- Work request -
Beneath this line sits some data. Return only its lines from the one holding "ပဲခူးတိုင်းဒေသကြီး သနပ်ပင်မြို့နယ်၌ မိခင်နို့တိုက်ကျွေးရေးနှင့်" through the one holding "In der letzten", inclusive, exactly, with the images removed.

- Source material -
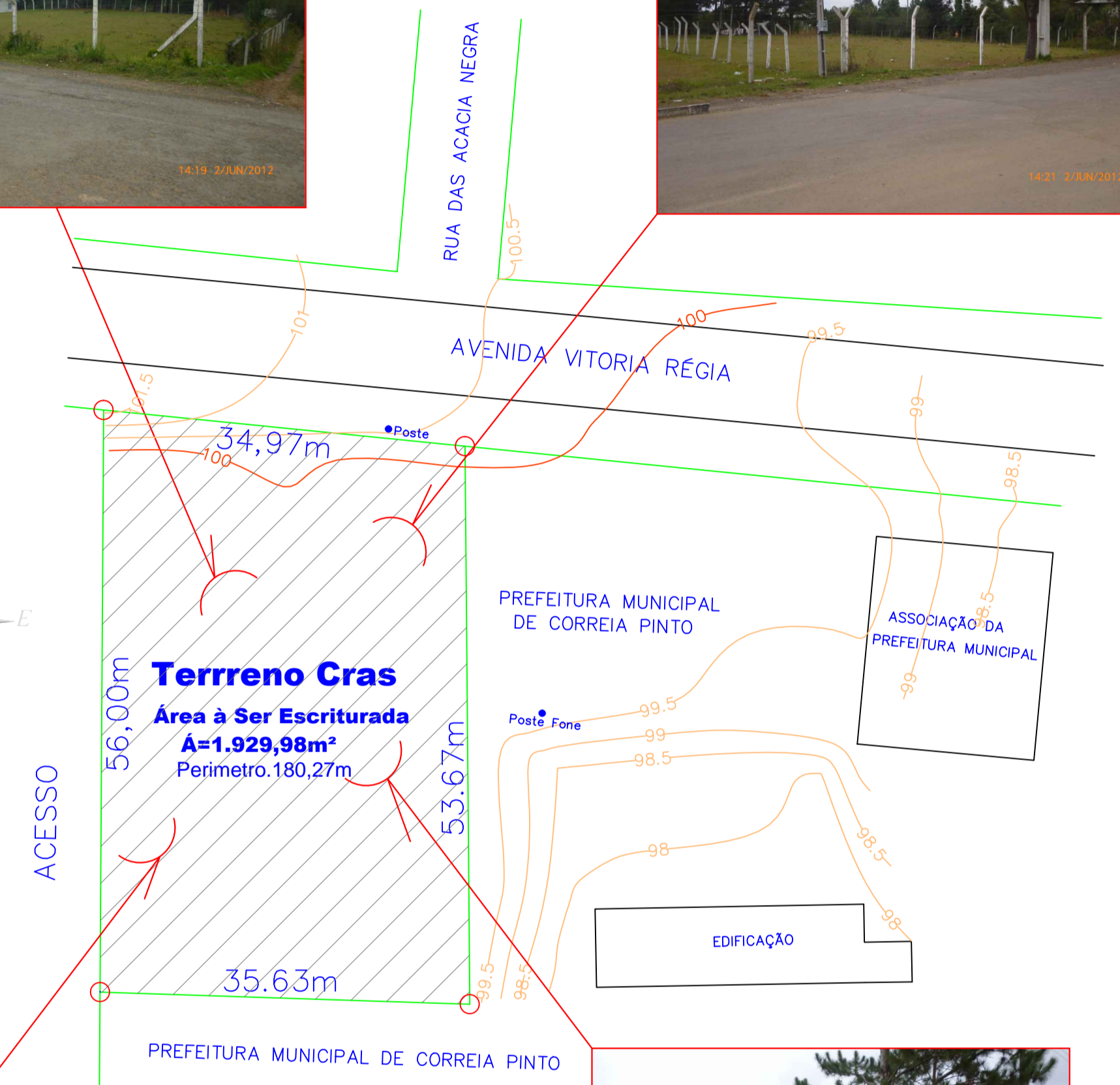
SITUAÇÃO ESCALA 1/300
==
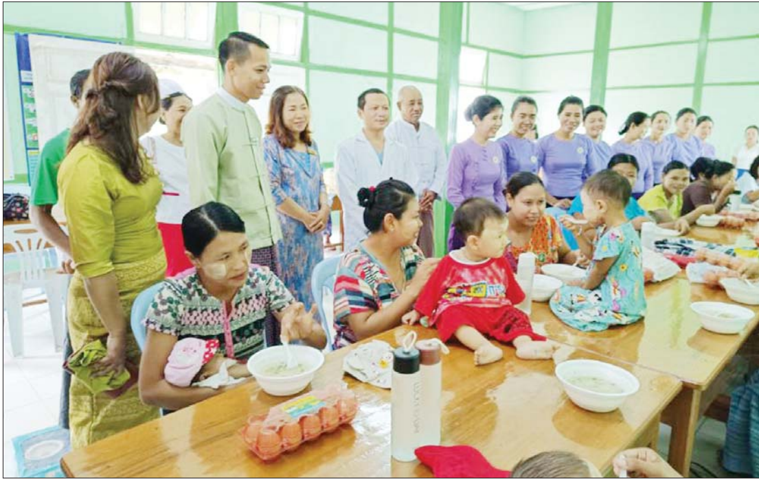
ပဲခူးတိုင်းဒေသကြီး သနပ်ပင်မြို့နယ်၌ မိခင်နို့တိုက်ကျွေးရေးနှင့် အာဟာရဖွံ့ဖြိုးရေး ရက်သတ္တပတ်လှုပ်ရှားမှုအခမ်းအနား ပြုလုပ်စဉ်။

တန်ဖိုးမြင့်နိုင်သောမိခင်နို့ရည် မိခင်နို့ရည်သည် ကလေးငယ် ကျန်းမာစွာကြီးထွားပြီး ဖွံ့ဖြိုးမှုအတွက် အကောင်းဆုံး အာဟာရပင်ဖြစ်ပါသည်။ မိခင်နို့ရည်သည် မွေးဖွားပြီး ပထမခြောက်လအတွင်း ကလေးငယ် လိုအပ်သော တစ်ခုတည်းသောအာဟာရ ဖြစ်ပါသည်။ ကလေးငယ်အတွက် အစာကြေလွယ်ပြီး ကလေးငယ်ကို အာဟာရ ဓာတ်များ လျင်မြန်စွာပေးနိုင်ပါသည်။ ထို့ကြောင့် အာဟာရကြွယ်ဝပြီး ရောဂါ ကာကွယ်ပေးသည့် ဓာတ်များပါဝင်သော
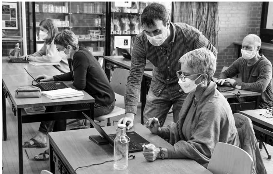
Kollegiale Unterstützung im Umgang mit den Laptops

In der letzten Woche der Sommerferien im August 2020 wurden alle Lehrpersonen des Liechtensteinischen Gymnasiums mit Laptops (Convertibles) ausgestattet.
...
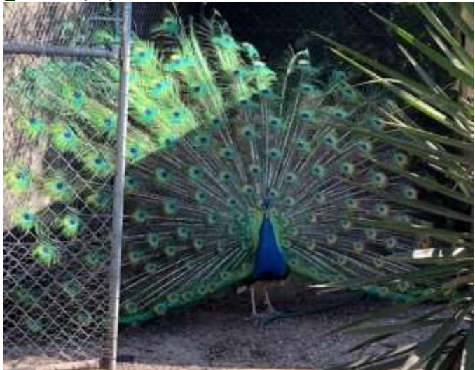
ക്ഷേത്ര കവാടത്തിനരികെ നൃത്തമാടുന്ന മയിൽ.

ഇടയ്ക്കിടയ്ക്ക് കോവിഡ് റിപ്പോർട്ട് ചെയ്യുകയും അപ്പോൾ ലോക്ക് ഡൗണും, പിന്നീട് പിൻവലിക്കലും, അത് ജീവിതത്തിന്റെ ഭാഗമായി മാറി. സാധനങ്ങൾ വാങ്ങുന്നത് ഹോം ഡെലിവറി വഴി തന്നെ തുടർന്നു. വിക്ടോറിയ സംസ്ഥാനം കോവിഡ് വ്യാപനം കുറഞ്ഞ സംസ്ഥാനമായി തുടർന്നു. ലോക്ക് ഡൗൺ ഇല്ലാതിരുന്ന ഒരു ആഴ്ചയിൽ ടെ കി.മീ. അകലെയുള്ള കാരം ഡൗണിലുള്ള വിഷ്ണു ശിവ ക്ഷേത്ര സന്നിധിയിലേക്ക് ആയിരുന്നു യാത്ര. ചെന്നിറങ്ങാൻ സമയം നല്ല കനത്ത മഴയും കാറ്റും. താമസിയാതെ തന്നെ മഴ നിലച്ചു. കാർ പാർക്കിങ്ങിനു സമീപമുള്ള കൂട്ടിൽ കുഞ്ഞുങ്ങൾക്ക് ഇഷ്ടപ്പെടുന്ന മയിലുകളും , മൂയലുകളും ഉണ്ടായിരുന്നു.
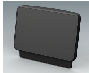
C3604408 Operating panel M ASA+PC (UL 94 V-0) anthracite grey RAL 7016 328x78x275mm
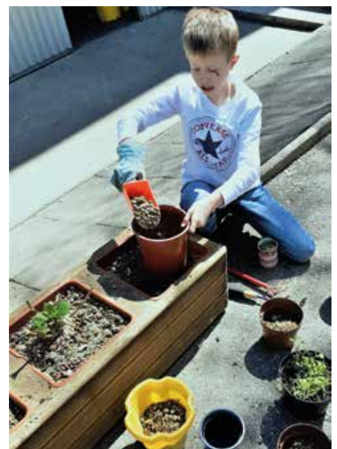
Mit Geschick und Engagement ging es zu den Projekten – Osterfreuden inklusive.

- Your response -
ပဲခူးတိုင်းဒေသကြီး သနပ်ပင်မြို့နယ်၌ မိခင်နို့တိုက်ကျွေးရေးနှင့် အာဟာရဖွံ့ဖြိုးရေး ရက်သတ္တပတ်လှုပ်ရှားမှုအခမ်းအနား ပြုလုပ်စဉ်။

တန်ဖိုးမြင့်နိုင်သောမိခင်နို့ရည် မိခင်နို့ရည်သည် ကလေးငယ် ကျန်းမာစွာကြီးထွားပြီး ဖွံ့ဖြိုးမှုအတွက် အကောင်းဆုံး အာဟာရပင်ဖြစ်ပါသည်။ မိခင်နို့ရည်သည် မွေးဖွားပြီး ပထမခြောက်လအတွင်း ကလေးငယ် လိုအပ်သော တစ်ခုတည်းသောအာဟာရ ဖြစ်ပါသည်။ ကလေးငယ်အတွက် အစာကြေလွယ်ပြီး ကလေးငယ်ကို အာဟာရ ဓာတ်များ လျင်မြန်စွာပေးနိုင်ပါသည်။ ထို့ကြောင့် အာဟာရကြွယ်ဝပြီး ရောဂါ ကာကွယ်ပေးသည့် ဓာတ်များပါဝင်သော
Kollegiale Unterstützung im Umgang mit den Laptops

In der letzten Woche der Sommerferien im August 2020 wurden alle Lehrpersonen des Liechtensteinischen Gymnasiums mit Laptops (Convertibles) ausgestattet.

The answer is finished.